Bradley Seminar 2016
by Brianna Safe, Resource Coordinator
“Attention is the doorway to gratitude, to wonder, to reciprocity.” – Robin Wall Kimmerer
The annual Bradley Seminar is a place where you can’t help but pay attention. In the blink of an eye, it has come and gone. The Seminar is significant because it brings together some of the most interested and accomplished national merit-based high school scholars; it provides a venue for Caroline D. Bradley Scholars, parents, educators and professionals to connect, discuss issues of intellectual, personal, and global interest; and it strengthens a community that they will continue to influence and rely upon in perpetuity. I love it precisely for its strength of attentiveness – a weekend filled to capacity with such extraordinary individuals, challenging conversations, and genuine connectedness demands we lay distractions aside and keep our eyes open. Wide open.
The 2016 Bradley Seminar commenced in Pasadena, California from March 18 – 20, hosting over 180 participants from across the country. The weekend events kicked off on Friday afternoon, welcoming the Class of 2014 Scholars to The Barder House, a space rife with symbolism for the CDB community. Dedicated and named after the Scholarship’s generous benefactor, Sarah D. Barder, it was donated to the Institute for Educational Advancement in 2011 by Ms. Barder to serve as the home base for IEA, as well as a meeting place and touchstone for the IEA and the CDB community.
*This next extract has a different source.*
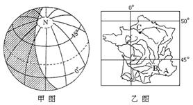 26.甲图是“北京时间”14点的太阳光照示意图,乙图是某个国家的示意图,读图完成下列要求。(15分)

Following a welcome dinner and introductions, parents attended a session led by Dr. Jim Delisle, while Scholars and Alumni participated in ice-breakers and a hotel-wide scavenger hunt. Among the various tasks that teams were instructed to complete were items like, “find something at least 100 years older than anyone on your team” and “record a video of everyone on your team doing 20 jumping jacks in unison”.
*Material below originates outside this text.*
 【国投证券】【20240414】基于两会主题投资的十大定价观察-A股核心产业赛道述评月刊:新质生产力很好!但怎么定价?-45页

Each year, the Seminar is guided by a different overarching theme intended to serve as the focal point for thought and conversation throughout the weekend. The 2016 theme was Finding & Cultivating Your Voice, which pursued questions like: What am I passionate about and what matters? What does it mean to have a voice and how do I share these passions with a community, local or global, in meaningful ways?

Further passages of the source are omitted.